WHAT IS REQUIRED.
Copy exactly the lines of the records below, and only those lines, beginning with the line that contains "Alejandro Eder, alcalde" and ending with the line that contains "E l alcalde".

EXERCISE MATERIAL.

- - -

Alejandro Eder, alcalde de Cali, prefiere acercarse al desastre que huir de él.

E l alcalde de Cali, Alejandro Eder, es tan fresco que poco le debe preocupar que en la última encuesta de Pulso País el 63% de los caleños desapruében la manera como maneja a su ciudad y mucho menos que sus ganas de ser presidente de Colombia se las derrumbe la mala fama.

- - -

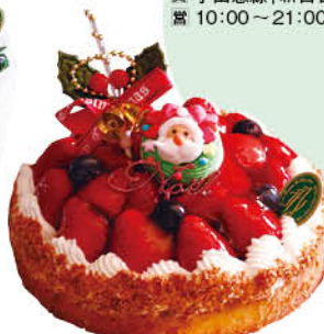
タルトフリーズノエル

- - -

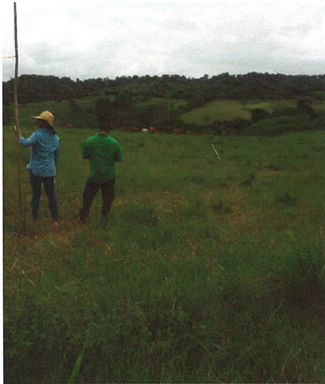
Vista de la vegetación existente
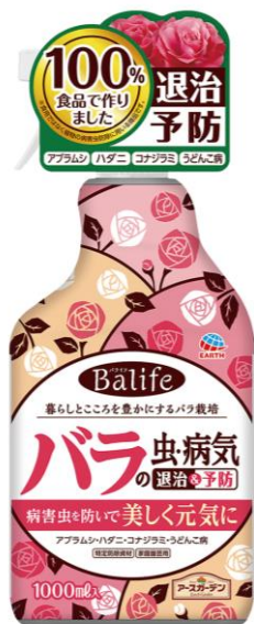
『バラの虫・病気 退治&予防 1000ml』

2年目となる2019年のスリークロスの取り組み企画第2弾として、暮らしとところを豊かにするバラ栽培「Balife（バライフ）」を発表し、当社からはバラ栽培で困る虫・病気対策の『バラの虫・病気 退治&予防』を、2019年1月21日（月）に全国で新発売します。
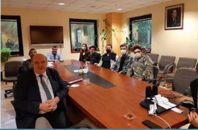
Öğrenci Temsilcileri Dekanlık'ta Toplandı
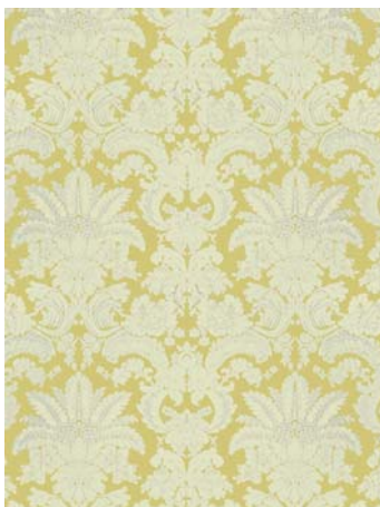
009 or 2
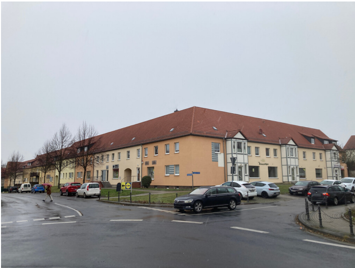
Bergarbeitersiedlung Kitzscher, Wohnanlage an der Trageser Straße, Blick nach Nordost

- - -

SOLUTION TO THE PROBLEM.
Alejandro Eder, alcalde de Cali, prefiere acercarse al desastre que huir de él.

E l alcalde de Cali, Alejandro Eder, es tan fresco que poco le debe preocupar que en la última encuesta de Pulso País el 63% de los caleños desapruében la manera como maneja a su ciudad y mucho menos que sus ganas de ser presidente de Colombia se las derrumbe la mala fama.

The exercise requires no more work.